All I had to light up the underside of the squarebody was the faint glow of my cell phone's screen while drizzle - or, at least, what I told myself was drizzle and not some unidentified leaking fluids - dripped from the remains of the rockers onto my face. Somewhere half a block a way a streetlamp provided a little extra illumination, what I'd hoped was enough to point out significant rust to beware of. The seller, taking shelter under the eave of his apartment building, smoked the most foul cigarettes the local bodega sold and spoke so clearly on his own phone about his intended activities that night that I worried I'd be called in to testify at a grand jury in a few weeks' time. The truck ran like somebody had mistaken gravel for 10W-30 and took it to a mechanic with potatoes for tools.
I didn't end up buying it. Probably not the smartest move, given the prices squarebodies are fetching these days, but I've since consoled myself that at least I didn't buy it sight unseen.
For as long as I've been in the hobby, the most consistent piece of advice for people new to old cars cautioned them against buying a car that they hadn't experienced firsthand. Doing so could conceivably lead to headaches, nausea and an uncomfortable number of nights sleeping on the couch. Besides, without seeing how extensively the rust had infected the floors, how much of a bargaining tool would you really have when it came time to negotiate a lower price? If you really wanted a car, you had to show up in person or at least trust a bro to lay eyes on it for you. Trust sellers in the hobby? Only as far as you could throw them.
But in recent years, all that advice seems to have flown out the window.

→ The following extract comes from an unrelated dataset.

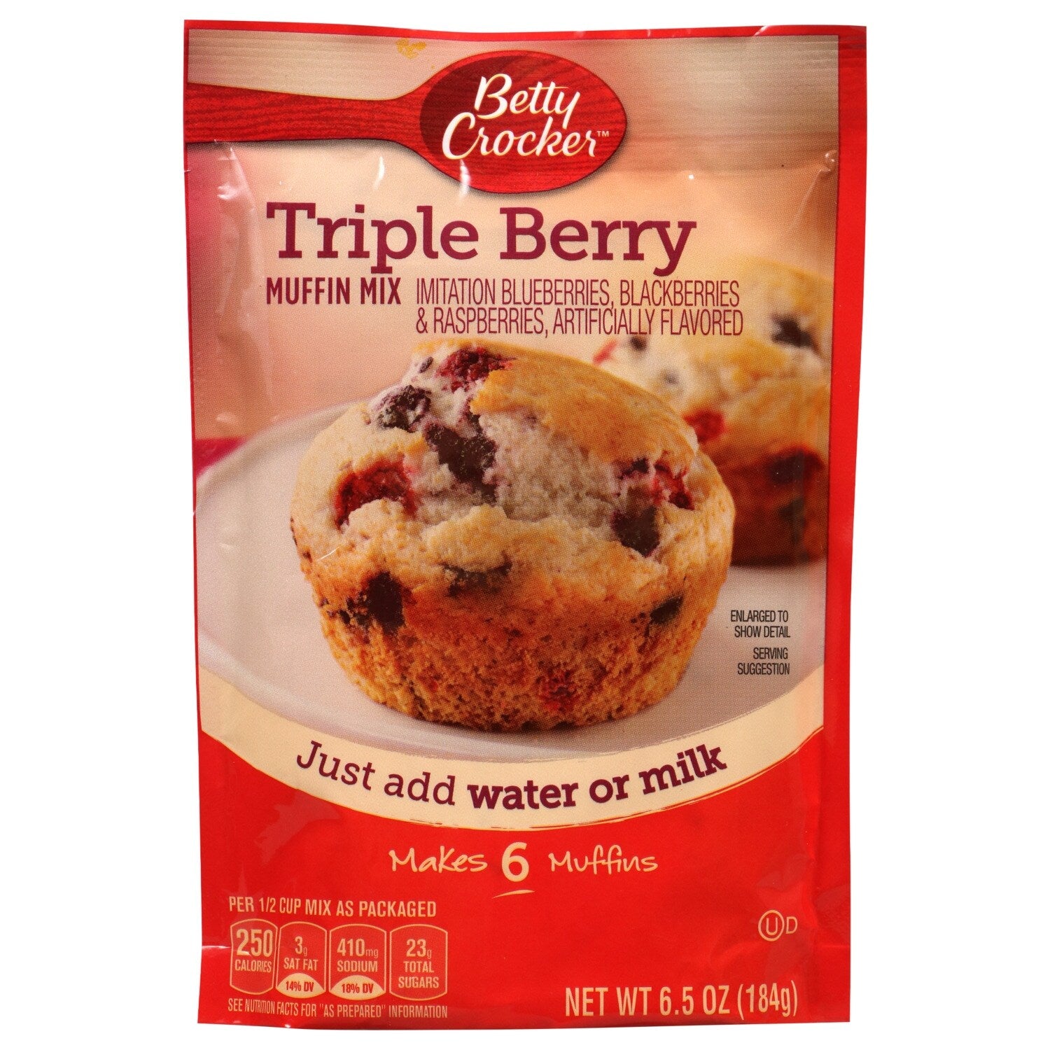 Comes with (Pack of 9). Make delicious, home-baked triple berry muffins that everyone will love with Betty Crocker(R) Triple Berry Muffin Mix. These convenient, on-the-go treats go from the bowl to the oven in minutes, just simply add oil, water and eggs. Enjoy them warm from the oven. Top your muffins with fruit, butter, and more. Great for breakfast, picnics, bake sales, or sharing with friends.

We've all changed our habits in countless ways over the last two years, and that goes beyond working from home and looking askance at anybody who coughs in public. Online shopping might've been around for decades before we first heard of COVID-19, but I doubt that there's many people who are going to revert to buying their dog food in person now that the pandemic is over.

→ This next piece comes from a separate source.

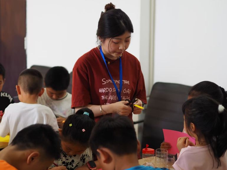 (志愿者幫助小朋友制作 供圖劉晶晶)

But cars aren't dog food, right? They're big purchases. When new, they're the second largest purchase most families make besides their house and require seven years' worth of payments. For the vast majority of us, cars of any age aren't just impulse purchases. We have to see them in person, we have to hear them run, we have to get behind the wheel to experience them out on the road. Cars - particularly older ones - have visceral qualities that no amount of photos or videos or VR headsets can fully communicate. Stories abound about people who went ahead and bought old cars sight unseen, only to have Bondo queens roll up to their doorstep a month and a half later.

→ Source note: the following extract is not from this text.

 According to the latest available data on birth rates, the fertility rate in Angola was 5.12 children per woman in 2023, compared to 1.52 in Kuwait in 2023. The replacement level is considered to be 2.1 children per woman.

Yet something - whether it's improved online shopping experiences and complaint resolution practices, an explosion in online car-shopping options and the marketing messages behind them, greater trust in mankind, or just the fear of missing out on a smoking deal - has apparently driven more car collectors to buy cars from across multiple state lines without the prerequisite inspection trip.
Some of you reading this may have even done so yourself. Did it work out for you? Did you get burned? What advice would you give to somebody considering buying a car sight unseen? And what would you do different if you were to do it all over again?